Friday 18 August 2017

Your Name (Japan 2016: Dir Makoto Shinkai)

I will be the first admit that my knowledge of Anime is not huge - in fact, call me Mr. Pitiful - but that doesn't stop me from knowing a good thing when I see it. And Your Name is a very good thing indeed, a decidedly literary film which deals with some big concepts in its hour and three quarters; its combination of buzzy ideas and stunning visuals rightfully put it on many critics' 'best of'' lists in 2016, and it's now getting a welcome re-release in cinemas, including some IMAX showings.

Taki and Mitsuha are respectively a teenage boy and girl; he lives in Tokyo, while she resides in Itomori, a village in the country. Mitsuha, who with her sister has been brought up by her grandmother, is bored with rural life and also with being a girl - she shouts from the rooftops that she wants to be reborn as a boy in Tokyo! By some unexplained means both get to swap bodies, albeit briefly. After the swap they can remember little about their alternative lives, but take it in turns influencing each other's future. However, the approach of the Tiamat comet brings consequences for both Taki and Mitsuha that tests both their strange friendship and their hold on youth.

A quirky sort of love story which shifts its temporal perspective on several occasions, this is a film that is at the same time funny, sweet, bewildering, and heartbreaking. For anyone has seen the mawkish but odd 2006 US romance The Lake House (or even the 2000 South Korean film Il Mare of which the US movie was a remake), you'll have some idea of the mid film twist that takes things from mildly diverting to potentially tragic. The body swap theme is popular in Japanese literary culture - Shinkai based his film on sources as diverse as Shuzo Oshimi's body swap Manga Inside Mari and Torikaebaya Monogatari, a story from the ancient Japanese Heian period. With the arrival of the comet and in the film's last scenes there are also echoes of the disaster movie - it's a film that mixes the east and the west very satisfyingly.

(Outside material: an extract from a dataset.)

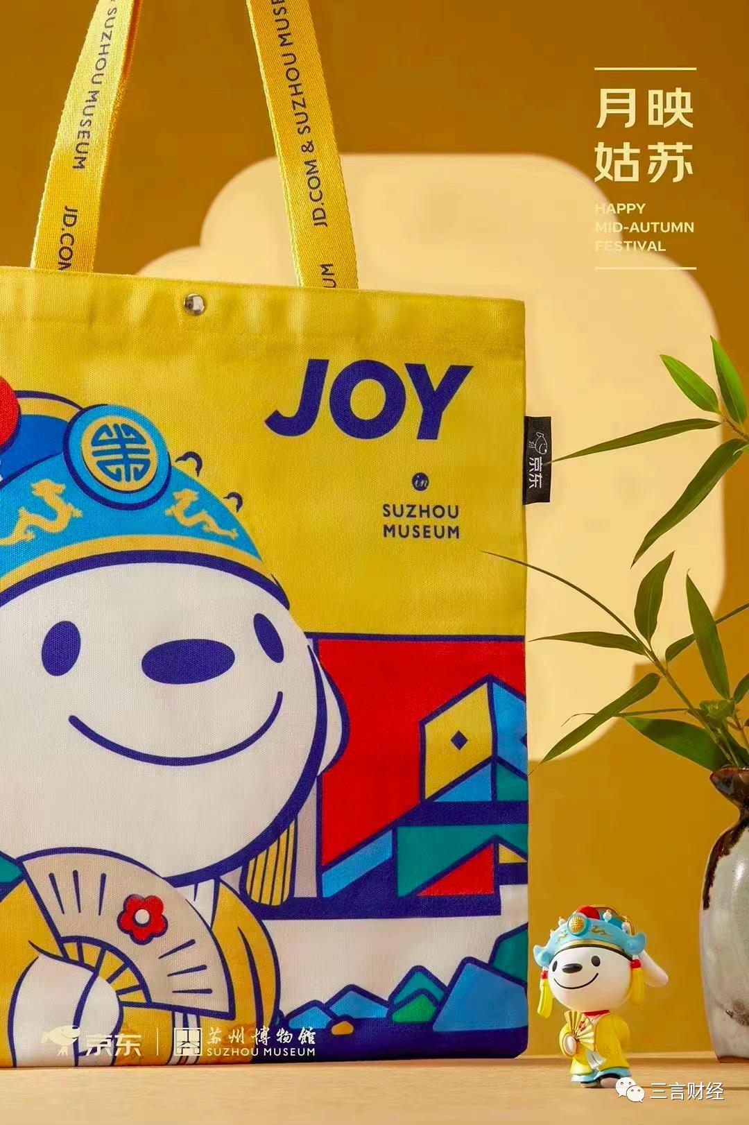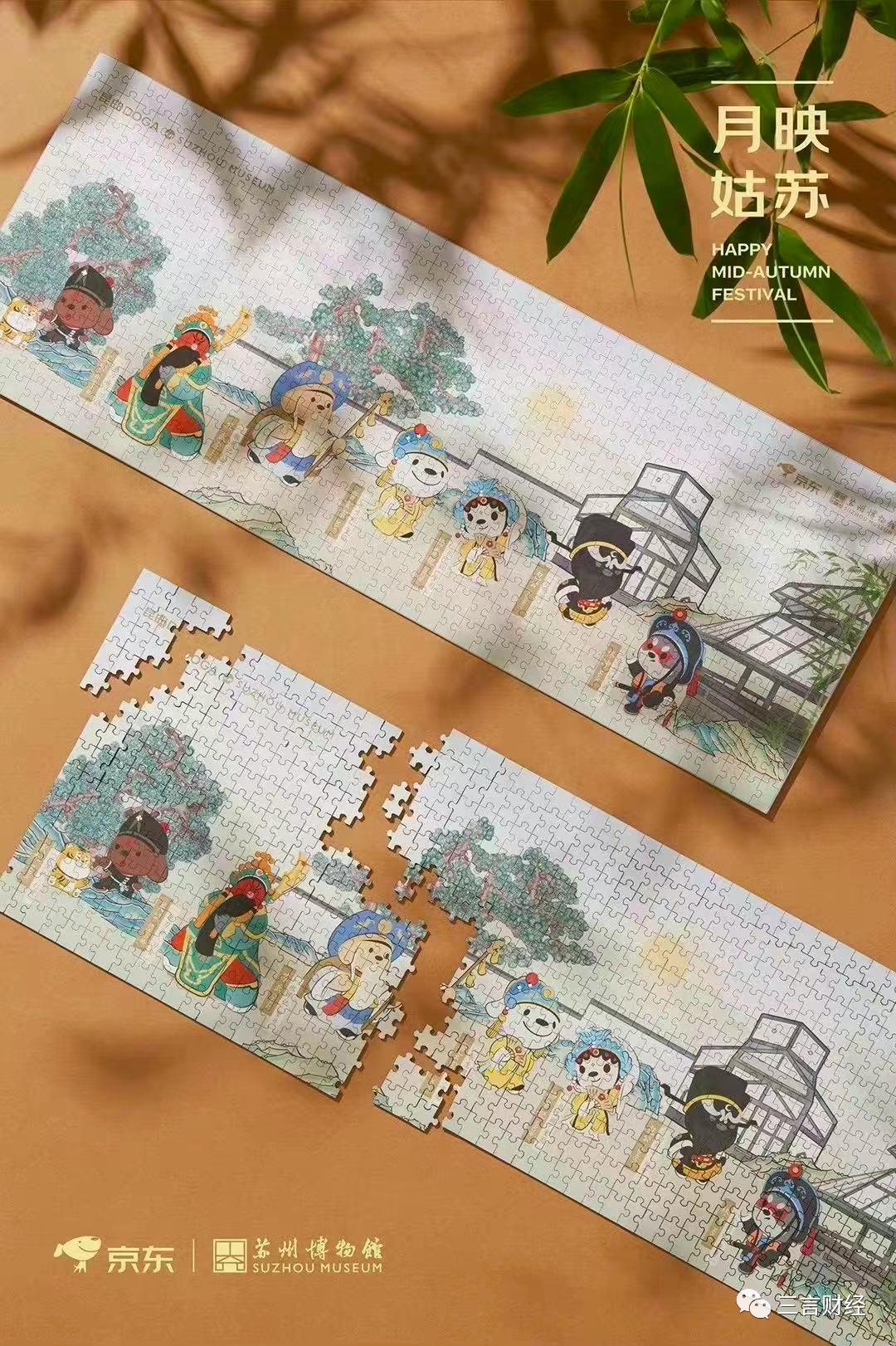 京东的中秋礼盒以环保为主题,月饼盒是用甘蔗渣制作的。除了月饼,还有用打捞的海洋塑料瓶制作的环保袋、以及与苏州博物馆联名定制的拼图和公仔。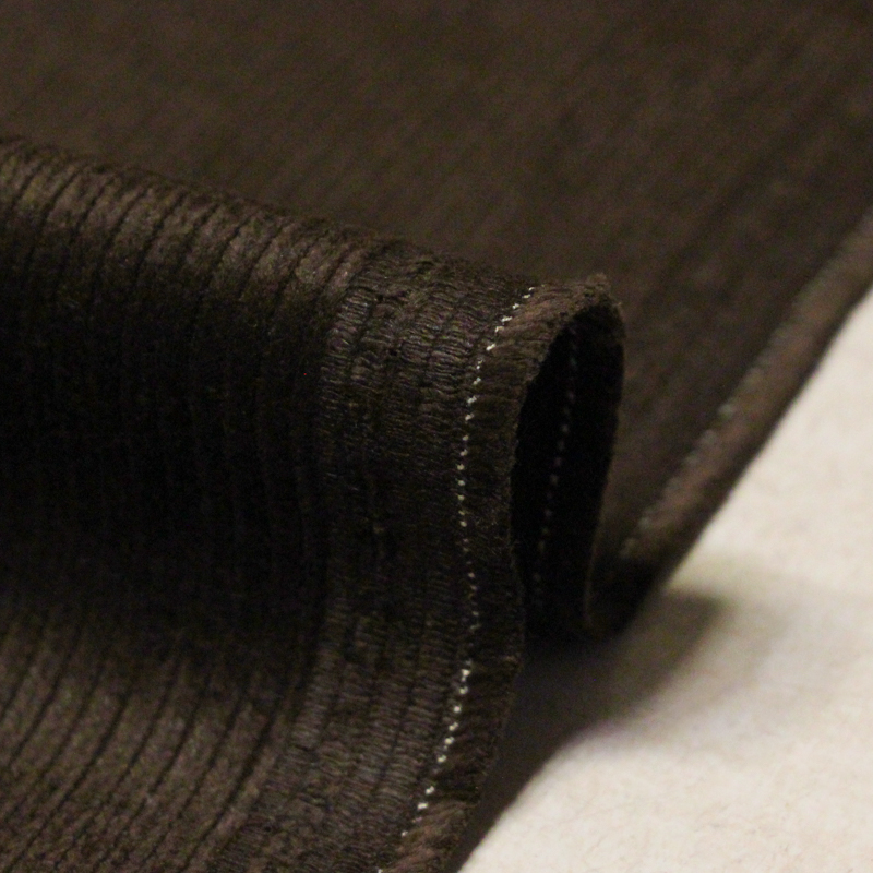 Avec ses côtes larges et distinctes, ce velours côtelé 300 raies marron tisse un lien subtil entre confort, élégance et engagement. Tissé en France à partir d’un mélange noble de coton et de lin certifiés BCI et OEKO-TEX, ce tissu est issu d’une source upcycling : il provient de fins de collections récupérées auprès de maisons de couture et d’ateliers textiles. Cela en fait un tissu à la fois responsable, rare et exclusif, proposé en quantité très limitée. La texture typique du velours 300 raies — plus marquée que celle des velours fins — donne du relief et du caractère à chaque pièce, tandis que le lin apporte une légère nervosité, renforçant la tenue du tissu sans sacrifier la souplesse du coton.

Despite the timeless nature of the story, the characters of Taki and Mitsuha are superb creations - lively, enquiring, both amused and frightened at their experiences, but the supporting cast are also beautifully realised: Mitsuha's spunky younger sister Yotsuha, who in a running gag constantly catches Taki, while in her sister's body, fondling her/his own breasts; Hitoha, Mitsuha and Yotsuha's grandmother, who has brought them up on her own following their mother's death and local mayor father's abandonment, and is the custodian of the making of the kuchikami sake, an ancient family tradition; and also Taki and Mitsuha's schoolfriends Tsukasa, Shinta, Tessie and Sayaka, who help to flesh out the lives of the central characters and are a great supporting cast in their own right.

But the real hero of Your Name, as you would expect, is Shinkai's animation. A combination of stunningly realistic (and occasionally rotoscoped) backdrops which capture the bustling, anonymous cityscapes of Tokyo and the tranquility of Itomori (a fictitious area realised from a combination of Nagana, Gifu and, for the area where the comet hits land, Aogashima Island). Shinkai's use of the weather - scudding clouds, rain and snow - adds an extra dimension to these already vivid scenes. Like Ozu before him, Shinkai's frequent use of passing trains, whizzing through town and country, represents both the distance between the characters and the means of connecting them.

Onto this backdrop a fairly straightforward teen romance becomes increasingly complicated (you may want to see it with English language enabled, as I found the combination of a complex story, gorgeous visuals and subtitles at times overwhelming), raising questions about gender and culture which I wasn't expecting. Personally I could have done without Radwimps' (a popular Emo-lite Japanese band) rather generic - and overused - songs, feeling that this might unfairly date the movie in years to come. But this is a small criticism of a film which offers so much visually and narratively. See it on a big screen if you get the chance. Or failing that a very big television. Excellent.